Dynamic Textures and Autoregressive Models.

Linear dynamical systems and autoregressive models (e.g., Dynamic Textures, Kalman filtering) capture pixel intensity evolution over time. These methods are suitable for short clips and simple textures but cannot generalize to high-resolution UAV videos with complex dynamics.

Handcrafted Features and Shallow Models.

Earlier work also exploited handcrafted features such as SIFT, HOG, or sparse coding, combined with regression models to predict motion trajectories. Although interpretable and lightweight, such approaches lack the representation capacity required for high-dimensional UAV scenes.

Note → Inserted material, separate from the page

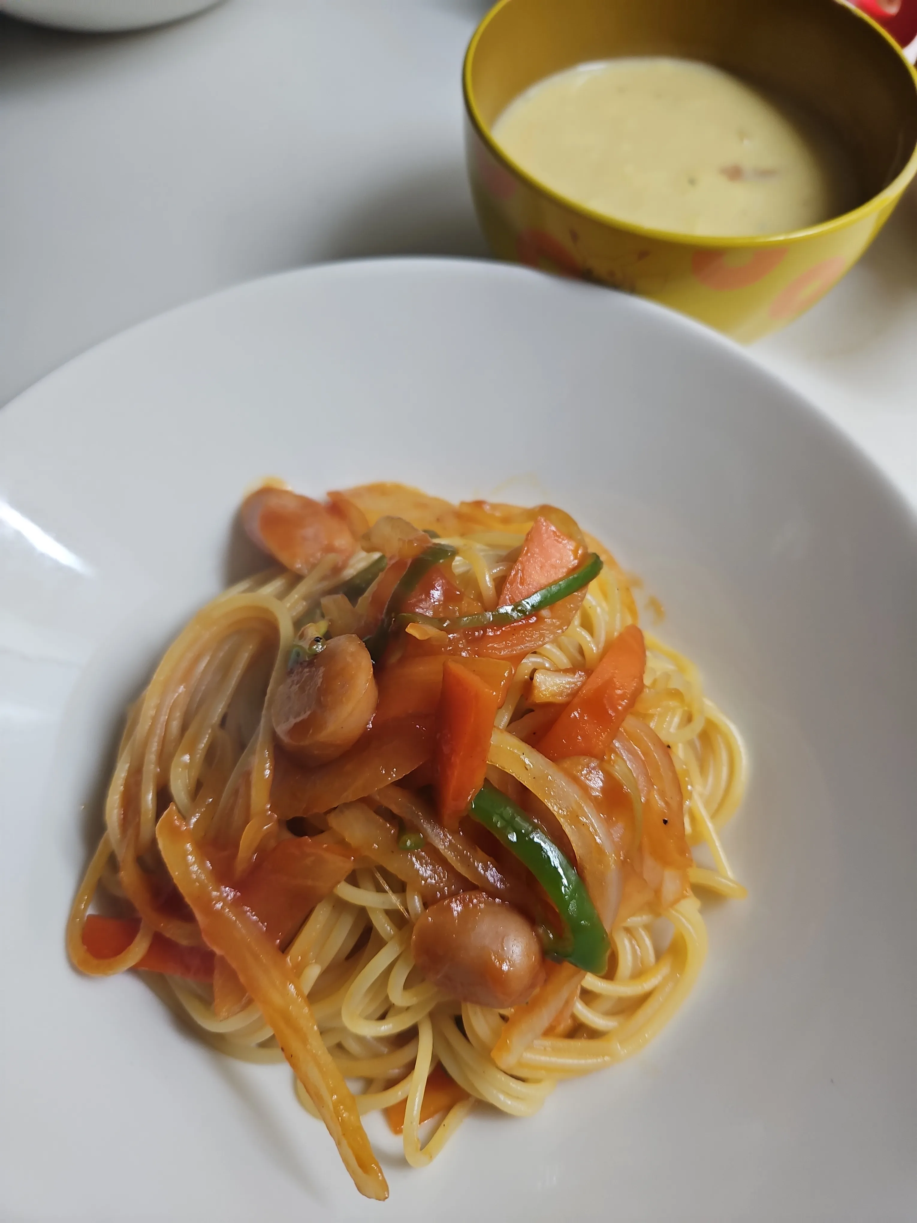 ☆夕飯☆ナポリタン、コーンスープ|ショコラさん

Compared with modern deep models, traditional approaches offer advantages in efficiency and interpretability but fall short in scalability and fidelity. As such, they are rarely competitive in current UAV prediction tasks, yet they provide useful baselines and motivate hybrid methods that incorporate physics priors.

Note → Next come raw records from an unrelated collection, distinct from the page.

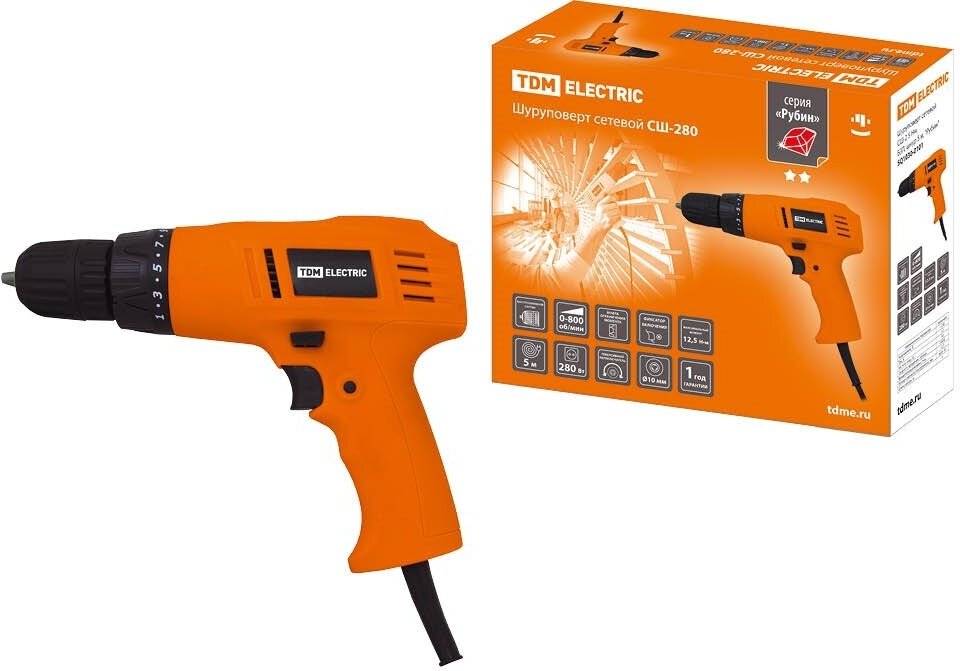 Power supply: from the mains, maximum torque: 12.50 Nm, power consumption: 280 W, chuck type: keyless, design features: power button lock, packaging: box, weight: 1.20 kg, number of speeds
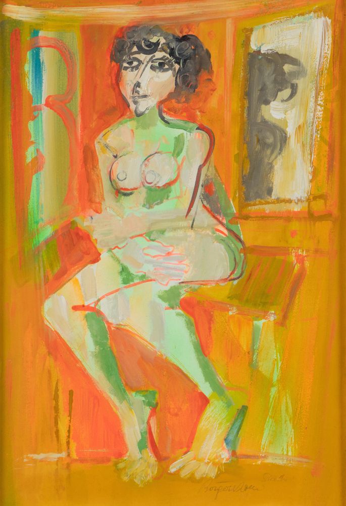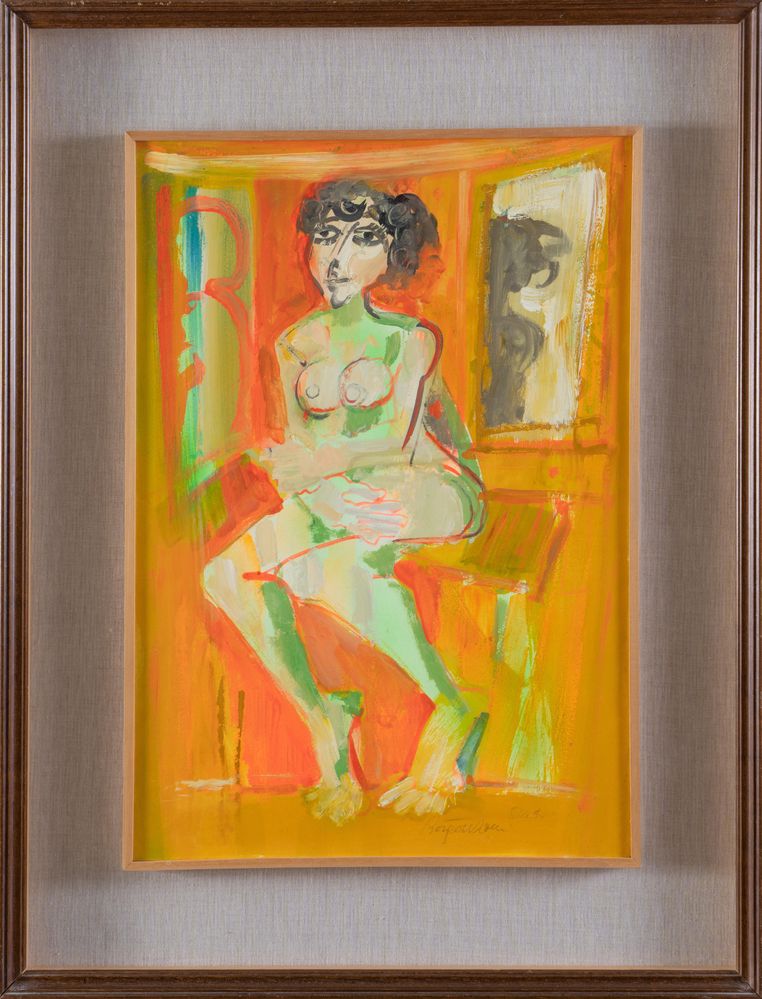 ALDO BORGONZONI (Medicina 1913 - Bologna 2004) "Studio", 1965. Olio su tela....
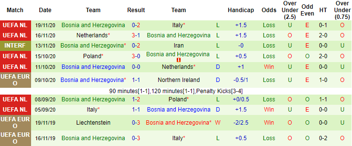 + Thống kê 10 trận gần nhất của Bosnia-Herzegovina
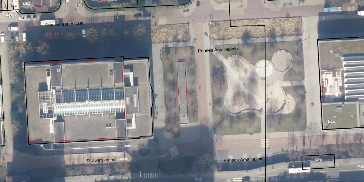 Het perceel waarop Strawinskylaan 8-A staat heeft een oppervlakte van 15,4 ha. Dit is een zeer groot perceel. De perceeloppervlakte wordt geregistreerd door het Kadaster. Gedetailleerde informatie over de maten van dit perceel kunt u vinden in het rapport Kadastrale kaart met maatvoering van Strawinskylaan 8-A.

2.6. Quantitative Summary of Current SOTA in UAV Predictive Autonomy

To help practitioners quickly track the latest capabilities, Table 3 consolidates representative accuracy and efficiency metrics across major model families used for UAV video prediction. Accuracy metrics (PSNR/SSIM/FVD) are drawn from reported results in recent literature, while efficiency (FPS/VRAM) reflects typical ranges observed on edge (Jetson Orin) and workstation (RTX 4090) deployments, consistent with Section 3.1, Section 3.2 and Section 3.3.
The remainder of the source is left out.